[Stored items from a collection]
::::::::::

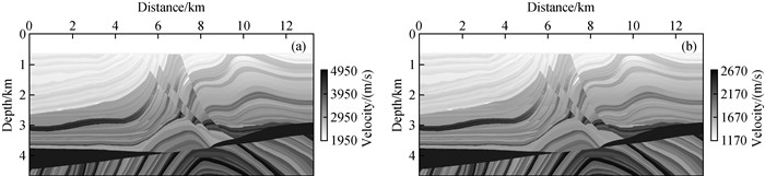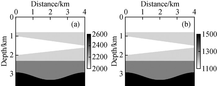 图3 简单的凹陷地形模型Fig 3 Simple concave terrain model (a)P-wave velocity; (b)S-wave velocity. |
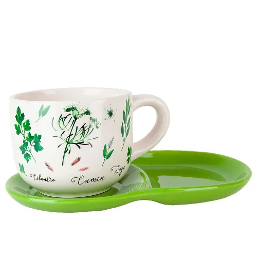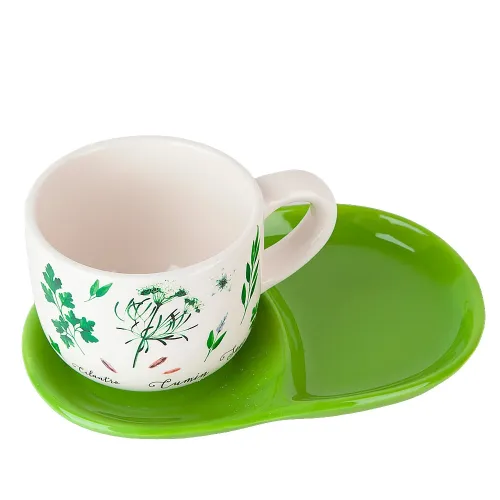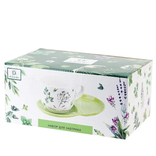 Набор для завтрака «Душистые травы» предназначен для сервировки чая или кофе. В комплект входят чашка и блюдце из керамики, выпущенные под торговой маркой Dolomite.
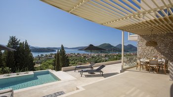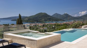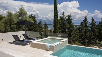 Draußen können Sie sich entspannen und die Aussicht vom Infinity-Pool mit Jacuzzi auf die berühmten Inseln Skorpios und Sparti genießen. Deren Villa ist nur zwei Minuten Fahrt von Nidri entfernt, mit seinen fabelhaften Restaurants, Einkaufsmöglichkeiten und Bootsverleih und zehn Minuten zu Fuß. Für die besondere Note kann ein Kochservice gegen Aufpreis hinzugefügt werden.
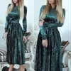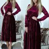 Robe de soirée en velours doré pour femme, tenue de soirée élégante à manches longues, couleur unie, mi longue, hiver
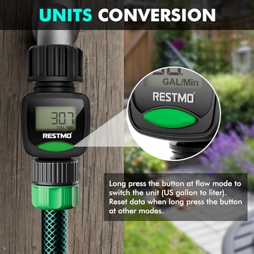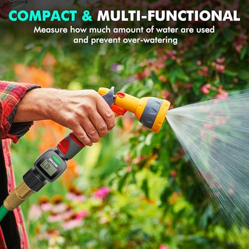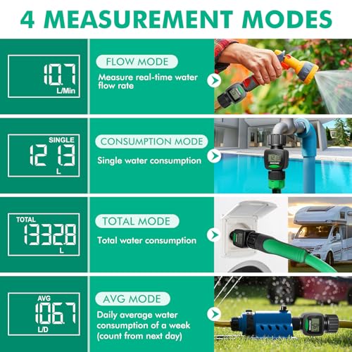 Equipped with an easy-to-read LCD screen and one-touch control push button, this water flow meter can easily display and track the water usage & flow rate of your outdoor garden hose with 4 different measurement modes.
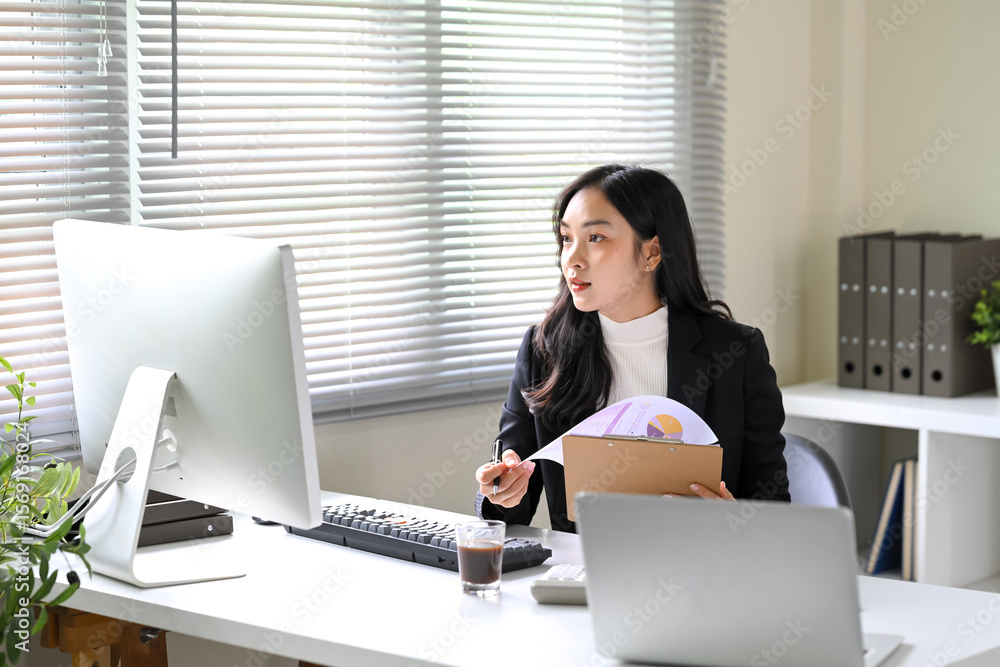 Focused businesswoman analyzing financial charts at a modern office desk with a computer

::::::::::

Work item: For the entries above, the output must hold exactly the lines from the one with "Equipped with an" through the last line, both included, and no pictures.

Task response:
 Equipped with an easy-to-read LCD screen and one-touch control push button, this water flow meter can easily display and track the water usage & flow rate of your outdoor garden hose with 4 different measurement modes.
 Focused businesswoman analyzing financial charts at a modern office desk with a computer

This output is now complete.